Europe’s Innovation Exodus: The High Cost of Playing It Safe

The cumulative impact of Europe’s regulatory overreach is increasingly hard to ignore: talent, capital, and innovation are steadily flowing out of the continent. Europe has become a place where ideas are born but rarely scaled. Nearly one-third of European startups that achieve unicorn status eventually relocate abroad — most often to the United States — in search of more supportive ecosystems and easier access to capital.

The numbers underscore the magnitude of the issue. The US dominates the global unicorn landscape, hosting over 55 percent of all unicorns and 75 percent of total unicorn valuation. In contrast, the EU accounts for less than 10 percent of unicorns and just 3 percent of global value. A key reason is the disparity in venture capital: European VC investment fell from $100 billion in 2021 to just $45 billion in 2023, while US startups raised $170 billion. As a share of GDP, US venture capital reached 0.21 percent in 2023, five times higher than the EU’s 0.04 percent.

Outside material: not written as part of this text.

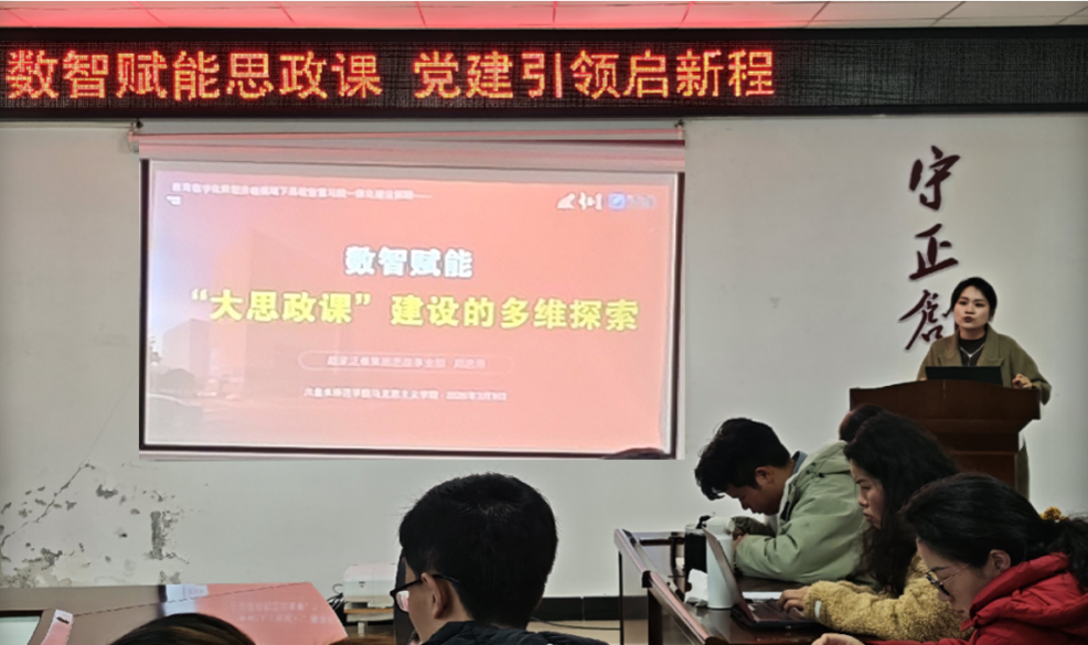 为深化思政课教学改革创新,推动人工智能技术与思想政治理论教学深度融合,推进智慧马院建设,3月9日下午,超星集团思政部负责人郑思雨主任在马克思主义学院作“数字赋能‘大思政课’建设的多维探索”专题培训会。学院副院长周才金主持会议,全体思政课教师及教学管理人员参会。

In deep tech, the gap is striking. Seven of the top ten quantum computing firms are American, and none are European-headquartered. In AI, more than 80 percent of global investment flows to firms in the US and China, while Europe receives just seven percent. This investment gap is reinforced by weaker R&D spending. Europe invests only 2.2 percent of its GDP in R&D compared to 3.4 percent in the US and 5 percent in South Korea. 

The warning signs are already clear. 

Since 2015, Europe’s productivity growth has averaged just 0.7 percent per year — less than half the US rate and barely one-ninth of China’s. In 1995, US and EU productivity were roughly equal. Today, Europe lags by nearly 20 percent — a gap that threatens its long-term competitiveness and economic growth.

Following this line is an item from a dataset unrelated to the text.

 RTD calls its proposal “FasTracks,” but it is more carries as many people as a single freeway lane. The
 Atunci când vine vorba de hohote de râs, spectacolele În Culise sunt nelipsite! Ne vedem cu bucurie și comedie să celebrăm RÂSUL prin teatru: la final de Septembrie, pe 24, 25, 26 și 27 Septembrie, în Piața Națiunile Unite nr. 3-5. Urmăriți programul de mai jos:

Europe is running out of time. With an aging population and shrinking workforce, it cannot afford to rest on past achievements. Without bold structural reform, the continent risks becoming a museum of past glories rather than a factory of future breakthroughs. 

But decline is not destiny. Europe can still reclaim its innovative edge — if it’s willing to abandon the comfort of overregulation and embrace a new era of economic freedom and market dynamism. That means accepting risk and uncertainty, unleashing permissionless innovation, expanding access to venture capital, and reforming rigid labor and bankruptcy laws that stifle entrepreneurial ambition.

The US leads because it rewards bold ideas and tolerates failure. Europe’s culture, by contrast, punishes risk and drives talent away. The solution is not tighter control, but greater freedom. 

As Milton Friedman famously explained: 

The great achievements of civilization have come not from government bureaus but from individuals pursuing their own interests. Wherever masses have escaped grinding poverty, it’s been through capitalism and largely free trade. History shows clearly there’s no better way to improve the lot of ordinary people than the productive energy unleashed by the free-enterprise system.

Until Europe learns to trust its innovators and entrepreneurs, it will remain sidelined in the global innovation race.